O Goldman Sachs (NYSE:GS), em uma nota sobre investimento em energia emitida no domingo, afirmou que, com base nas reuniões que manteve com investidores na Costa Oeste norte-americana na semana passada, “não parecia haver muito interesse em se posicionar no mercado esperando uma melhora no ambiente macro em 2021-22”.
Deixando de lado esse cenário pessimista, o problema com a crise do coronavírus parece ser a dificuldade de quantificar com precisão o que pode acontecer nos próximos dias, semanas ou até mesmo meses. Até agora, o melhor que os bancos de Wall Street e as casas de pesquisa conseguiram fazer foi fazer suposições embasadas em conhecimento prévio.
O Sanford C. Bernstein & Co. afirma que o barril de petróleo pode cair para cerca de US$ 50 se não houver uma intervenção da Opep. O banco reduziu sua previsão de demanda de gasolina em 50.000 barris por dia e cortou suas estimativas de consumo de diesel em 40.000 barris pode dia.
O Morgan Stanley (NYSE:MS) afirma que, se o vírus continuar piorando por três ou quatro meses, o crescimento da demanda petrolífera chinesa em 2020 poderia cair cerca de 75.000 barris por dia. Em caso de pico na difusão do vírus em um ou dois meses, o crescimento da demanda no primeiro trimestre cairia de 310.000 para 150.000 barris por dia, declarou.
Os cancelamentos de voos podem causar uma perda de 400.000 a 700.000 barris por dia na demanda de combustível de aviação no primeiro trimestre, enquanto a fraqueza na demanda de diesel poderia provocar cortes nas refinarias, segundo o Morgan Stanley.
A S&P Global Platts declarou que, no pior cenário, a demanda mundial de petróleo poderia cair "um volume catastrófico" de 2,6 milhões de barris por dia em fevereiro e 2 milhões em março. Para o combustível de aviação, isso poderia significar uma queda de 1 milhão de barris por dia na demanda no próximo mês, afirmou.
Quatro semanas desfizeram o trabalho de 18 meses da Opep
Em apenas quatro semanas, o coronavírus desfez o que a Opep levou mais de um ano para construir. O cartel pressionou seus membros mais erráticos – Iraque, Líbia e Nigéria – a cumprir os cortes acordados nos últimos 18 meses.

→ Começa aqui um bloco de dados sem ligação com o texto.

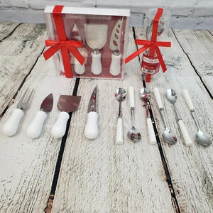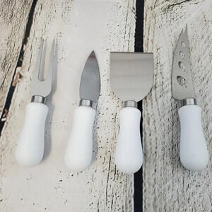White 4 Piece Cheese Knife Set and White 6 Piece Appetizer Spoon Set

O grupo permaneceu focado em sua mensagem, apesar dos tuítes de Donald Trump para reduzir os preços elevados nas bombas de combustíveis em 2018, o que, segundo o presidente americano, poderia lhe custar votos importantes de colegas republicanos nas eleições de meio de ano (os rivais democratas acabaram vencendo na Câmara de qualquer forma).
No entanto, nada do que a Opep tivesse feito no último ano e meio poderia tê-la preparado para a crise que estamos vivendo. O coronavírus praticamente acabou com qualquer fio de esperança do mercado, deixando em seu lugar nada além de medo.
Ele abalou as bases do movimento de alta que fez o Brent ultrapassar US$ 86 em outubro de 2018 – seu valor mais alto desde a época em que o barril custava mais de US$ 100 –, atingindo o pico novamente acima de US$ 71 neste ano, depois de meses de volatilidade. Agora, o que os operadores querem saber é até onde o mercado pode cair, porque o vírus não vai desaparecer sozinho.
Ouro rumo a US$ 1.600, mas o rali não será tranquilo
E qual seria o cenário para o ouro?
Como ativo de proteção favorito contra a epidemia do vírus – ao lado dos títulos do Tesouro americano e do iene, evidentemente – o ouro parece estar construindo um forte movimento para voltar às máximas de sete anos acima de US$ 1.600 por onça, atingidas no início de janeiro, após a morte de Soleimani.
Mas, no pregão asiático desta segunda-feira, tanto o XAUR/USD quanto os futuros do metal amarelo estavam em queda, refletindo uma vez mais a volatilidade que tomou conta das últimas semanas, apesar da aversão ao risco ao redor dos mercados.
Alguns podem estar decepcionados com o desempenho do ouro nos últimos tempos. Mas os analistas da Capital Economics afirmaram que o metal precioso não poderia seguir em outra direção que não fosse para cima, contanto que a epidemia seguisse se espalhando:
“O ouro tem espaço para subir muito mais se o vírus de Wuhan não for contido nas próximas semanas. De fato, se os fechamentos de fábricas aumentarem na China continental, a economia mundial pode ser impactada, o que daria suporte aos preços do ouro”.